As I was finishing up my manuscript, and realized that I wanted to publish, I did some research on how exactly a person becomes a published author. I sought out advice from a couple of authors I’ve come into contact with, and all of them suggested taking a look at self-publishing for a book like mine.

Self-publishing became appealing for a few different reasons. Impulsivity took hold immediately upon realizing just how quickly I could see The Snowflake Effect in print. There was an element of challenging myself as well – I would need to learn about formatting, design, marketing, and a number of other things to do this ‘properly.’ Finally, a big part of me (the musician) really identified with the DIY aspect of self-publishing, and the ability to have a large degree of control over the entire project.


bioWhat advice would you give authors looking to follow your path to publication?

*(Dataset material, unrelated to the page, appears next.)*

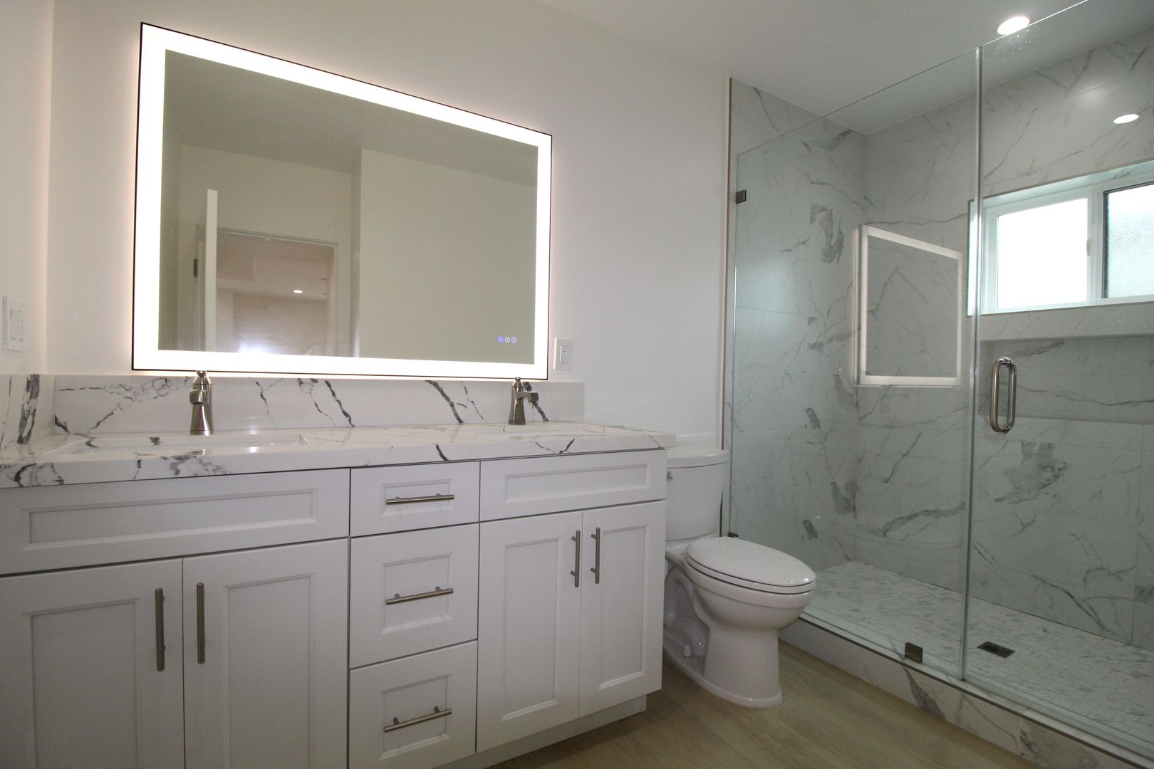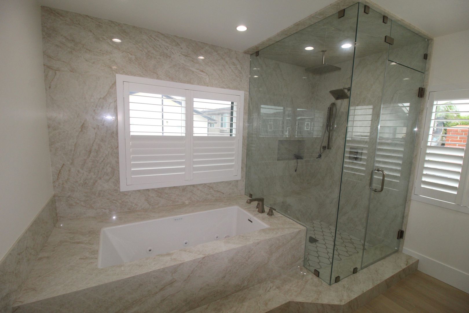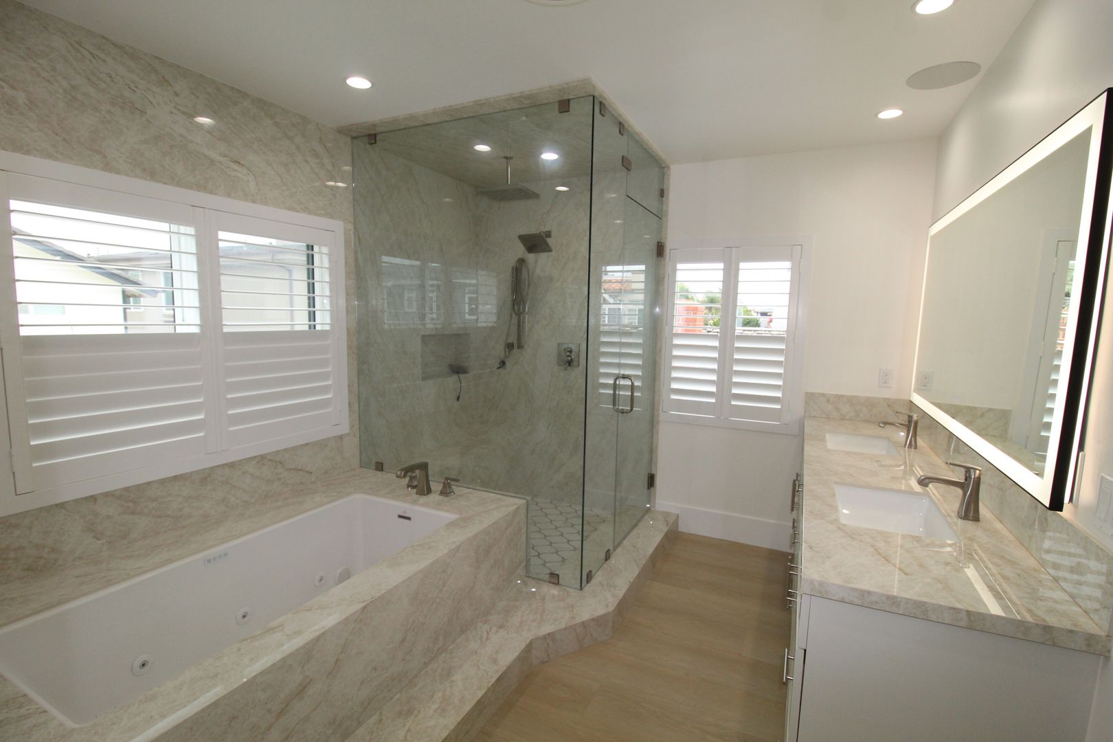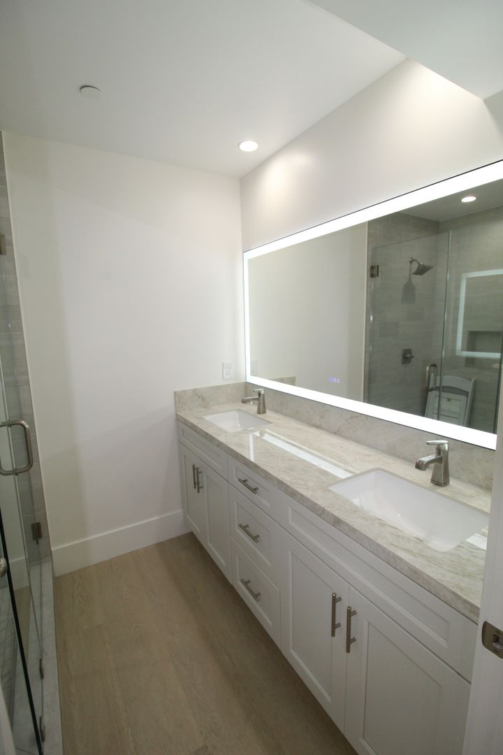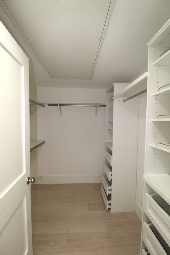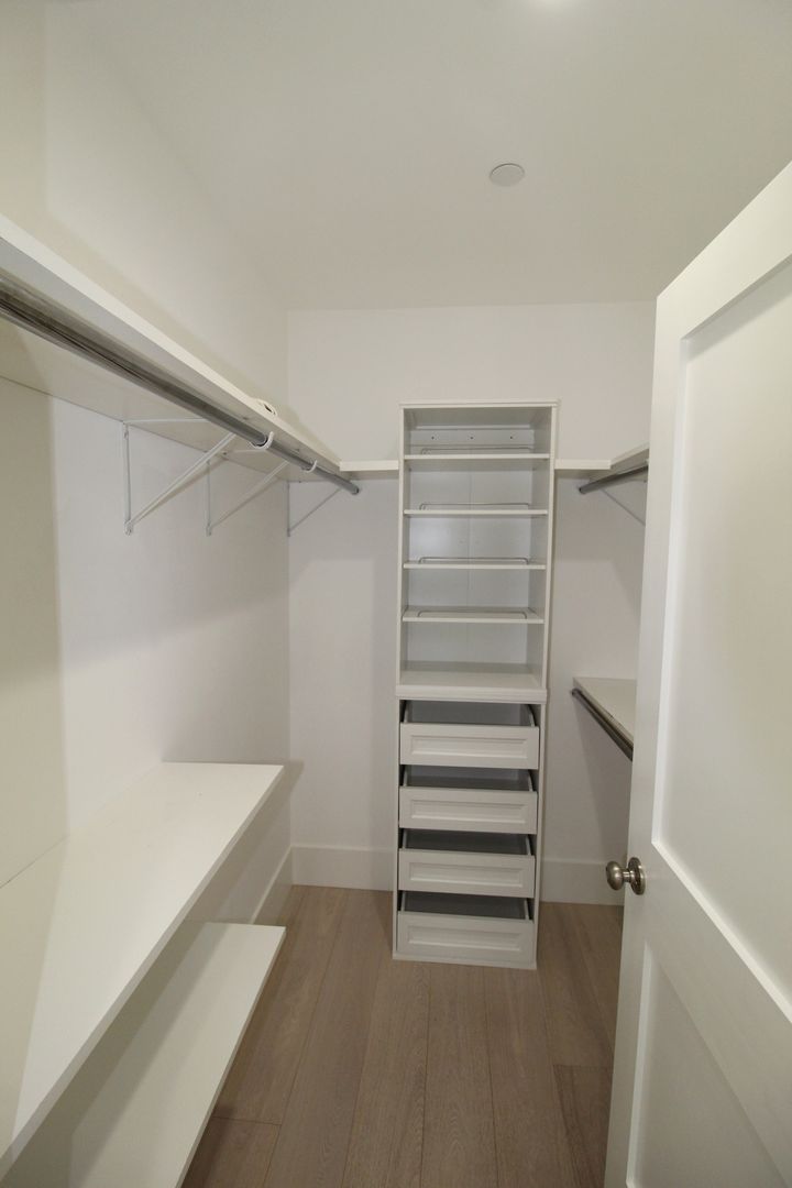 Each of the four bedrooms functions as its own private suite, complete with en-suite bathrooms for ultimate comfort and privacy. One suite is conveniently located on the main floor, perfect for guests or multi-generational living — while the remaining three are upstairs, including the stunning primary suite tucked away across a glass railing breezeway. The primary features a private balcony, an oversized spa-like bathroom adorned with porcelain slab walls, a soaking jacuzzi tub, a steam shower with triple shower heads, and a custom walk-in closet with built-in organizers.

Go for it. The worst possible outcome is that nobody buys your book, but you still get to have the experience of writing and publishing, which is very fulfilling outside of any other factors. There really isn’t a downside to creating something that you are passionate about and self-publishing it just for the experience – getting positive feedback, sales numbers, author interviews, and having people enjoy your work is just the icing on the cake.


bioThanks for joining us, Trey, any parting words for the readers?

I sincerely appreciate every person that has given me and/or The Snowflake Effect a single second of their time by liking The Snowflake Effect on Facebook (which everyone should totally do), reading interviews, interviewing me, encouraging me, giving advice, writing reviews, spreading the word, and, of course, reading the book.

I’m working on getting participation ribbons made up for everyone, but until then, my thanks will have to suffice.